BEGIN PROVIDED MATERIAL

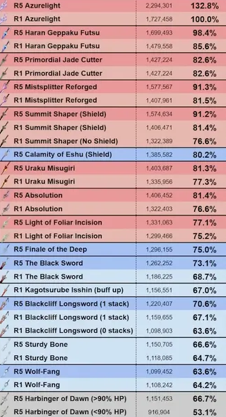 무기 효율표입니다.
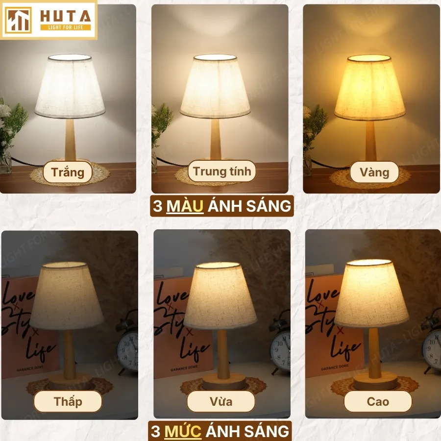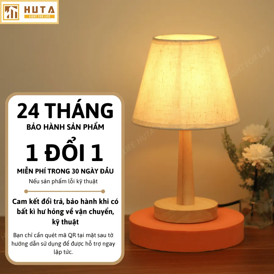 Đèn Ngủ Để Bàn Gỗ HUTA G2 Điều Chỉnh Độ Sáng, Ánh Sáng Vàng, Bảo Hành 24 Tháng
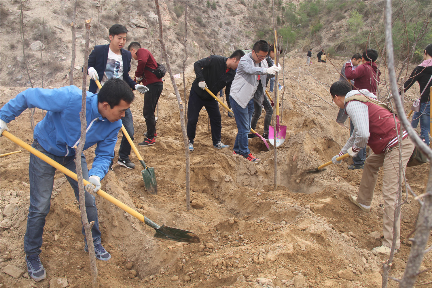 建設(shè)公司團委組織義務(wù)植樹和爬山活動
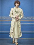 An Superb Cream Colour Silk Fabric Indian Men's Sherwani Will Make You Look Very Stylish And Graceful.
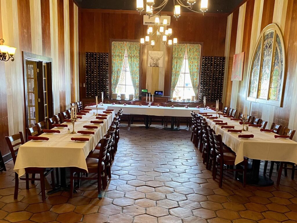 The 14,000 square-foot historic building that houses Carolina Seafood and Steak was built in 1969 and contains many beautiful remnants, salvaged from the former Ocean Forest Hotel – Myrtle Beach’s first hotel, that was demolished in 1974. The magnificent wooden arches, built in 1927, now divide the restaurant’s rooms, and the current bar fixtures were originally par of the the historic hotel. The stunning stained glass on the ceiling in the bar and the glass behind the bar were salvaged from a church in Spain.
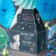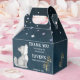 Little wolf themed birthday party wild one personalised favour box , cute howling wolf pup dark starry night background.

END PROVIDED MATERIAL

> **YOUR OBJECTIVE**:
Please output the lines of the records above from the one with "Đèn Ngủ Để Bàn" through the last, exactly as they appear and with both ends included; skip any pictures and add nothing.

> **YOUR RESPONSE**:
 Đèn Ngủ Để Bàn Gỗ HUTA G2 Điều Chỉnh Độ Sáng, Ánh Sáng Vàng, Bảo Hành 24 Tháng
 建設(shè)公司團委組織義務(wù)植樹和爬山活動
 An Superb Cream Colour Silk Fabric Indian Men's Sherwani Will Make You Look Very Stylish And Graceful.
 The 14,000 square-foot historic building that houses Carolina Seafood and Steak was built in 1969 and contains many beautiful remnants, salvaged from the former Ocean Forest Hotel – Myrtle Beach’s first hotel, that was demolished in 1974. The magnificent wooden arches, built in 1927, now divide the restaurant’s rooms, and the current bar fixtures were originally par of the the historic hotel. The stunning stained glass on the ceiling in the bar and the glass behind the bar were salvaged from a church in Spain.
 Little wolf themed birthday party wild one personalised favour box , cute howling wolf pup dark starry night background.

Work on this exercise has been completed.